First, I didn’t say it wasn’t communicating anything. But since you bring it up: it communicated exactly what jefftk said in the post already describing the scene. And what it did communicate that he didn’t say cannot be trusted at all. As jefftk notes, 4o in doing style transfer makes many large, heavily biased, changes to the scene, going beyond even just mere artifacts like fingers. If you don’t believe that people in that room had 3 arms or that the room looked totally different (I will safely assume that the room was not, in fact, lit up in tastefully cat-urine yellow in the 4o house style), why believe anything else it conveys? If it doesn’t matter what those small details were, then why ‘communicate’ a fake version of them all? And if it does matter what those small details were, surely it’s bad to communicate a fake, wrong version? (It is odd to take this blase attitude of ‘it is important to communicate, and what is communicated is of no importance’.)

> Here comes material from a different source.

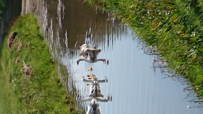 Wij hebben in reutum gewandeld vanmiddag. Langs een beek met vier volwassen ganzen en een paar kuikens. Ze bliezen wel flink toen we langs kwamen lopen, maar zwommen verder toen wij ze gewoon voorbij liepen.

Second, this doesn’t rebut my point at all. Whatever true or false things it does or does not communicate, the image is ugly and unaesthetic: the longer you look at it, the worse it gets, as the more bland, stereotypical, and strewn with errors and laziness you understand it to be. It is AI slop. (I would personally be ashamed to post an image even to IRC, never mind my posts, which embodies such low standards and disrespects my viewers that much, and says, “I value your time and attention so little that I will not lift a finger to do a decent job when I add a big attention-grabbing image that you will spend time looking at.”) Even 5 seconds to try to inpaint the most blatant artifacts, or to tell ChatGPT, “please try again, but without the yellow palette that you overuse in every image”*, would have made it better.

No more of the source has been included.